Ritika Gunnar, IBM’s general manager for data and AI, said agents are critical to the transformation. “We are moving from AI that generates content or chats with users to AI that acts on behalf of users,” she said. “These agents must integrate with existing systems, workflows and governance requirements.” She said IBM expects more than 50% of enterprises will embed agents in essential systems by 2027.
Governing agents
Asked what it plans to do about AI hallucinations and bias, IBM said its governance tools have been extended to support agents and that the company is investing in lifecycle management, observability and traceability for agentic workflows. “Just like we evaluate and govern large language models, we’re doing the same for agents,” Gunnar said.
IBM supports open standards such as MCP developed by Anthropic PBC and has open-sourced its Agent Collaboration Protocol to promote interoperability and agent-to-agent communication. The company has also open-sourced its Granite model family and continues to partner with open model developers. “We think the future of AI is open,” Thomas said.

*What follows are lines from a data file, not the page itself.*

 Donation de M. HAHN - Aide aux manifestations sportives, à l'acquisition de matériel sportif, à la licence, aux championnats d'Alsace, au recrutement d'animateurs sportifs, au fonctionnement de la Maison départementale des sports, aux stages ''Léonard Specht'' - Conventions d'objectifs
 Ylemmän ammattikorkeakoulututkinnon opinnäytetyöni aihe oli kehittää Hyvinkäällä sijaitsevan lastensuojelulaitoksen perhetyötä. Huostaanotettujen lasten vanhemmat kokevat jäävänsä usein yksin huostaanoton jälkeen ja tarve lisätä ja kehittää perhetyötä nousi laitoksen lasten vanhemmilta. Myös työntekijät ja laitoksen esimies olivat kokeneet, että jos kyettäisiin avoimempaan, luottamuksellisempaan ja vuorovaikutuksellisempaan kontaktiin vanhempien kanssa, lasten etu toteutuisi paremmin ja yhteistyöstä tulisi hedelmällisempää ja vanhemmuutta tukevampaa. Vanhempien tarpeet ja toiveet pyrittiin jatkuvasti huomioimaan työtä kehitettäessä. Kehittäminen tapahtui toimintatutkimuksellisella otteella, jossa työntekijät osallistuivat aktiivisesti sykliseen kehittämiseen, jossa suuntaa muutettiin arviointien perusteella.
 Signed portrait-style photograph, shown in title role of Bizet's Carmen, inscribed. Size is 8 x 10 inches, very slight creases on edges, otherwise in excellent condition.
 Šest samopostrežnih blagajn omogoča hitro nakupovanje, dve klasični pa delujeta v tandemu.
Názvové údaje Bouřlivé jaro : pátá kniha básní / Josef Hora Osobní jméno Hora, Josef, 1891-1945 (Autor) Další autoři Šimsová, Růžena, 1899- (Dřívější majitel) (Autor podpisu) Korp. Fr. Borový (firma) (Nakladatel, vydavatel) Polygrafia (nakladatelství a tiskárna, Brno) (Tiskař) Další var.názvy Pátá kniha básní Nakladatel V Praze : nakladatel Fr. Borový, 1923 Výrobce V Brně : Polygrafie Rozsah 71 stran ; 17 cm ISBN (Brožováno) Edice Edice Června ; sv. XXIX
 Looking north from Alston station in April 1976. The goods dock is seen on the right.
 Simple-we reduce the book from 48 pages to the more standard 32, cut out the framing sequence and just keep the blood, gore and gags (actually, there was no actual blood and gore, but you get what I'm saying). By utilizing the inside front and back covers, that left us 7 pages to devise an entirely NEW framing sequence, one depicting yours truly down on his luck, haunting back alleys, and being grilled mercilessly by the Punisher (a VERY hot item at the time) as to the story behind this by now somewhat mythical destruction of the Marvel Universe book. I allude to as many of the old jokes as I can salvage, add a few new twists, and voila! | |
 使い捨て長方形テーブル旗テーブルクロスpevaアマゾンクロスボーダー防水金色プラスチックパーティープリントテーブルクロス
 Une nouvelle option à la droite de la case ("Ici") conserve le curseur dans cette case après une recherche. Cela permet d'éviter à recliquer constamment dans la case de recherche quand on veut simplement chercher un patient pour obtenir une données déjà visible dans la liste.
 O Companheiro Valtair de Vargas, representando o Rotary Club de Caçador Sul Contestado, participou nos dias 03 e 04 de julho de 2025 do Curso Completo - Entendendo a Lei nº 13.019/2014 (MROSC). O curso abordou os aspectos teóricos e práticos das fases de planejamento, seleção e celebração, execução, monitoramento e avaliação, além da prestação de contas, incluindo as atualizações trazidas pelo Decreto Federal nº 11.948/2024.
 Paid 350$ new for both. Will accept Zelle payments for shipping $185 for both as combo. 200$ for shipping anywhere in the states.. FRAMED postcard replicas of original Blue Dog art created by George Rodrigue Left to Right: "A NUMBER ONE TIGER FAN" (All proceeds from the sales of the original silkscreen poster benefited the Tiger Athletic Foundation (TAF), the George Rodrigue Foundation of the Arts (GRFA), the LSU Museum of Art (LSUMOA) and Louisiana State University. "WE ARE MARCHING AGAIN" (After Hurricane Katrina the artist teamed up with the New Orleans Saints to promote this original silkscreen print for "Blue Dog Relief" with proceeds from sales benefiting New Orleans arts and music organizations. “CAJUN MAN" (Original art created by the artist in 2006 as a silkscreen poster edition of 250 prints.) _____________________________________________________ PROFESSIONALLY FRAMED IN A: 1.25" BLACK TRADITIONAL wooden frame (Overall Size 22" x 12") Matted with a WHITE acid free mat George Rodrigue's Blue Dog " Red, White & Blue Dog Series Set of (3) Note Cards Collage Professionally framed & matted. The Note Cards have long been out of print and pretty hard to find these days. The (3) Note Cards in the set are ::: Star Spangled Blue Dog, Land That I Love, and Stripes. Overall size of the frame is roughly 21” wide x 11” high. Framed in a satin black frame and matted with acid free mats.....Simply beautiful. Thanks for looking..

Forrester’s Ellis said that though few companies outside of the IBM customer base have adopted watsonx or Granite at this point, the company’s commitment to openness should resonate with buyers in the long term.
“IBM’s revenue model is on the services and infrastructure used to run these models, and it would make sense for them to keep their models open,” he said. “The need for models that address governance concerns like security and indemnity will grow, as will the need to ingest historical data for use within AI models. IBM can address both of those trends. This looks good for IBM.”